Smart Contract Testing and Proofs-of-Concept
Tests are not just an artifact developers ship — they are an audit deliverable on both sides of the engagement. Going in, a comprehensive test suite is one of the strongest signals of a mature codebase, and it gives auditors a working harness to extend. Coming out, every meaningful finding should be accompanied by a runnable proof-of-concept: a test that fails before the fix and passes after.
The Testing Pyramid for Smart Contracts
Smart contract testing borrows its structure from the classical testing pyramid, with adaptations for the constraints of the EVM:
- Unit tests — exercise individual functions in isolation. Fast, deterministic, the foundation everything else rests on.
- Integration tests — exercise multiple contracts together, often against mainnet forks, with real external dependencies (tokens, oracles, AMMs) in the loop.
- Fork / scenario tests — replay or simulate real on-chain conditions: specific block heights, real liquidity, real oracle prices, real attacker behavior.
- Fuzz tests — feed random inputs to a function (stateless) or random call sequences to a system (stateful) to find invariant violations the developer did not anticipate. Covered in depth in §4.8.
- Invariant tests — assert that a property holds across all reachable states; combined with stateful fuzzing or formal verification.
- Formal verification — prove that an invariant holds.

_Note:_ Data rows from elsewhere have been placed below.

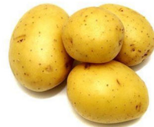
Bulvė – ruda, auganti žemėje.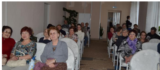
На фото: любители «Виртуальной филармонии» перед концертом.

«Белая сирень», в театральной студии «Вдохновение». Клуб любителей классической музыки «Музыкальная гостиная» собирается в дни трансляции виртуальных концертов.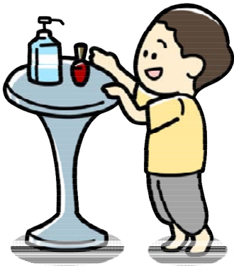
子供の手の届くところに置かない

ガソリンや灯油などは、事業所や一般家庭で幅広く利用され、私たちの日常生活に不可欠なものですが、誤った使用方法により大きな事故を招くこともありますので、危険性を認識した上で、安全に取り扱いましょう。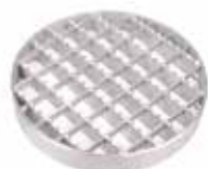
Krata antypoślizgowa 25x3 mm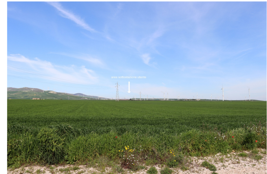
V2-VISTA DAI BENI 25-30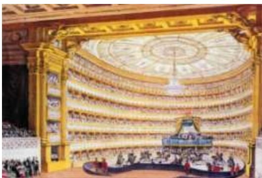
Fig. 24 Torino. La sala del Teatro nel 1839 vista dal palcoscenico

compagnia della famiglia reale e di molte persone della corte al Regio Teatro 25 (fig. 24), per l'occasione tutto illuminato a festa, per assistere all'opera "La disfatta di Dario" 26 . Ritornati a casa del marchese del Gallo cenarono insieme a Don Antonio Micheraux, ministro del re Ferdinando a Venezia.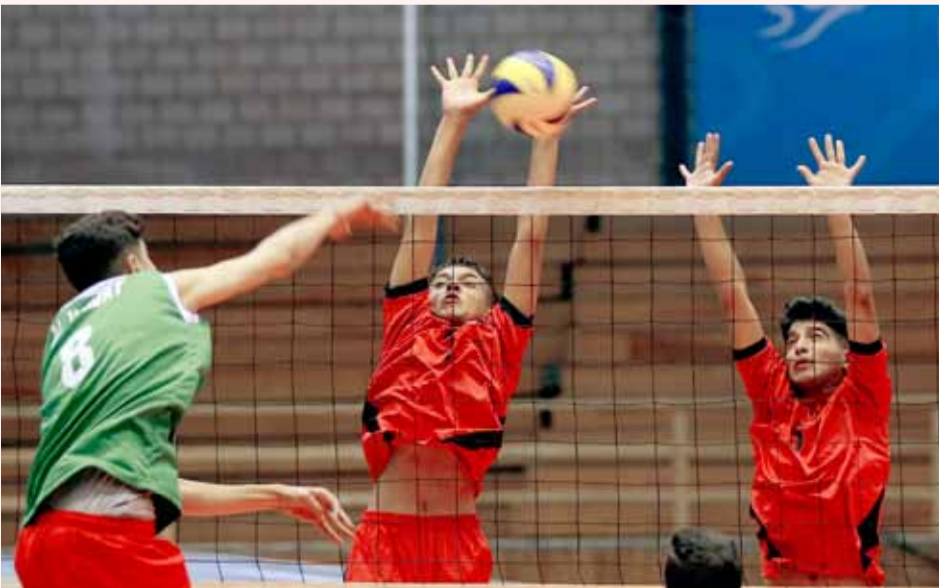
جانب من لقاء الوحدات والكرمل في دوري الشباب لكرة الطائرة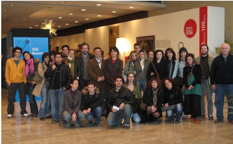
Εκπαιδευτική επίσκεψη των σπουδαστών σε έκθεση DESIGN.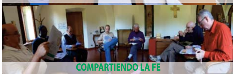
COMPARTIENDO LA FE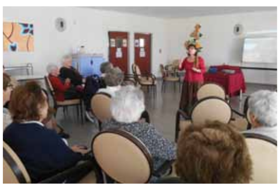
Une conteuse à La Martégale et chacun voyage dans son univers.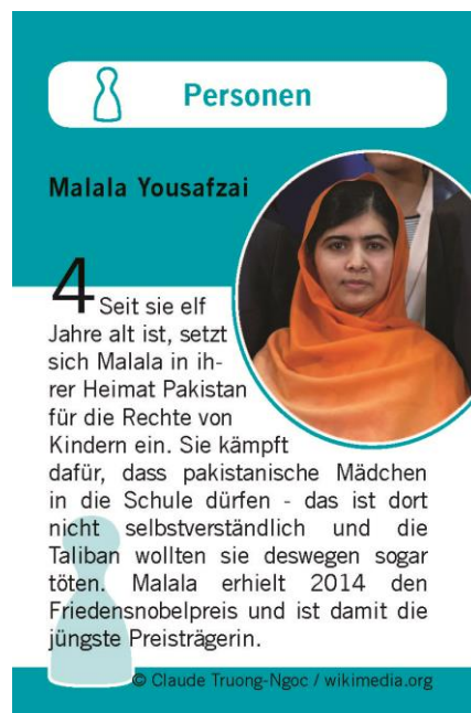
Friedensquartett Kategorie „Personen“

Weitere Abbildungen der Spielkarten können Sie hier bestellen: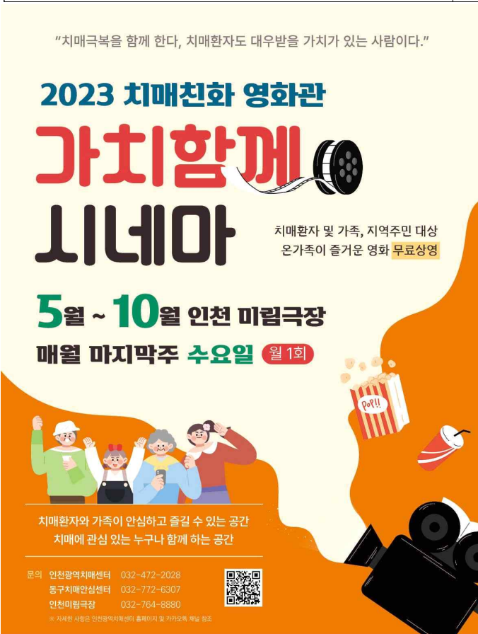
< 가치함께 시네마 포스터 >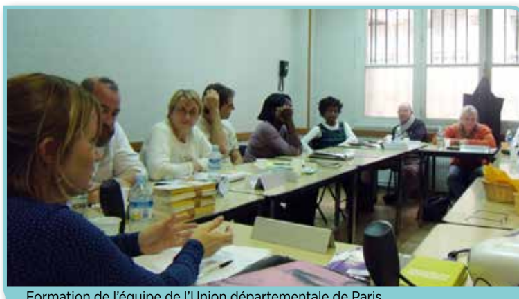
Formation de l'équipe de l'Union départementale de Paris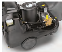
Tecnología del quemador altamente eficaz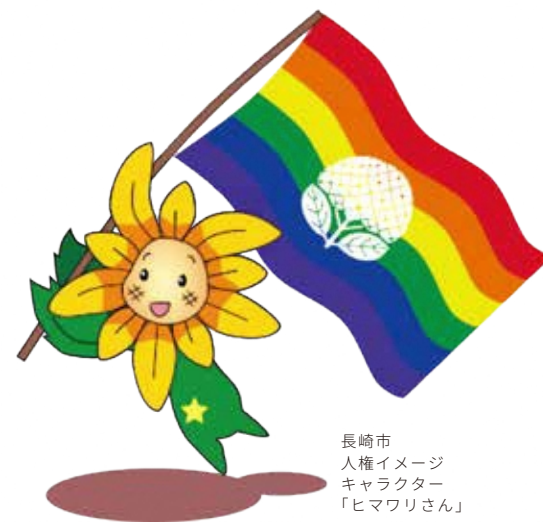
長崎市 人権イメージ キャラクター 「ヒマワリさん」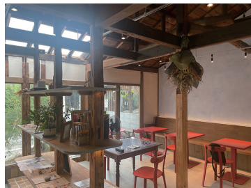
写真20 awai店内の様子(大津壁風のグレーの壁面が見える)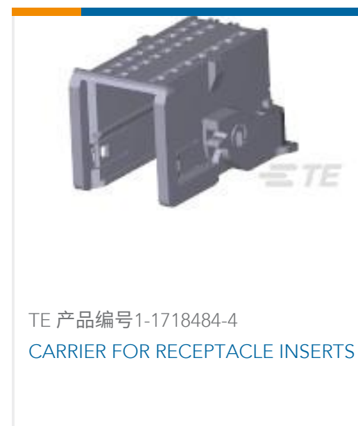
TE 产品编号1-1718484-4 CARRIER FOR RECEPTACLE INSERTS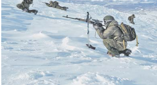
Традиционной площадкой для тренировок разведчиков по горной подготовке выступают два вулкана.

Первая разведывательная рота Камчатской отдельной бригады морской пехоты завоевала звание ударной, повторив прошлогодний успех

Covered in §4.9.
A well-tested protocol has all six layers; most audits encounter codebases with strong coverage at layers 1–2, partial coverage at 3–4, and aspirations toward 5–6.

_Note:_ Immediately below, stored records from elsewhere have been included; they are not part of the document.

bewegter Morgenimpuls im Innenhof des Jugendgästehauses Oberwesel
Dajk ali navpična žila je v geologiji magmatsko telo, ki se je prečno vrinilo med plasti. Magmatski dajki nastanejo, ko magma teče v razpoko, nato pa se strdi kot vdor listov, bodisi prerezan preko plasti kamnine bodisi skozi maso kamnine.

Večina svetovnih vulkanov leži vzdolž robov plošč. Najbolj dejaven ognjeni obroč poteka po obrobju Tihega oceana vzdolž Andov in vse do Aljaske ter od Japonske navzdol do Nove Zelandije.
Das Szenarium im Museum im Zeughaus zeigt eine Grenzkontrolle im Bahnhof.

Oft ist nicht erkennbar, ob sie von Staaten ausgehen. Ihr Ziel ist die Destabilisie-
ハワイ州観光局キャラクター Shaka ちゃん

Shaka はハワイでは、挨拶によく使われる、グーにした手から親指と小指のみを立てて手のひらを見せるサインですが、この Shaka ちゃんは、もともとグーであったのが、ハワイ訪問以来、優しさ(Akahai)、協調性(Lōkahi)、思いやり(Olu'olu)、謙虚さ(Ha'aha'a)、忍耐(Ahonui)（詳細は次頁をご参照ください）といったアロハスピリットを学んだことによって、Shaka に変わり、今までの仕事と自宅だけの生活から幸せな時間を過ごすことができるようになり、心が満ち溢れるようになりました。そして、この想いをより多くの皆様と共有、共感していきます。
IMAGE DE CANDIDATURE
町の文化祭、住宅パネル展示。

Coverage Is Necessary but Not Sufficient
forge coverage and equivalent tools report which lines of code were executed by the test suite. Auditors should look for two things:
- Lines that were not executed. Anything below ~95% line coverage on security-critical paths warrants a question. Anything below ~80% on the contract as a whole is a finding in itself.
- Branches that were not executed. Line coverage that comes from happy-path tests only is misleading. A function whose
revertbranches are never exercised has not really been tested.
Beyond coverage, the right question is mutation coverage: if you intentionally break the contract (off-by-one, flipped comparison, removed require), does the test suite catch it? Tools like slither-mutate and vertigo-rs automate this. A test suite that passes against mutants of the production code is not testing what it claims to test, regardless of its line coverage.
What This Section Covers
The subsections that follow walk through the testing layers auditors care about most:
- Unit Testing — using and extending the project's unit tests to understand behavior and probe edge cases.
- Integration Testing — multi-contract scenarios, mainnet forks, and the interactions that unit tests cannot capture.
- Creating Proofs-of-Concept — turning a suspected vulnerability into a reproducible, undeniable demonstration that the report's reader can run themselves.
Fuzzing, invariant testing, and formal verification each have their own chapters (§4.8 and §4.9).
Tests as Communication
A final note: tests are also documentation. A well-named test (test_revertWhen_NonOwnerCalls_setFee) communicates intent in a way a comment never quite can — because it is executable and stays in sync with the code. Auditors should read the test suite as a specification of what the developers believe the system does, then look for the gap between that belief and what the code actually does. That gap is where the findings live.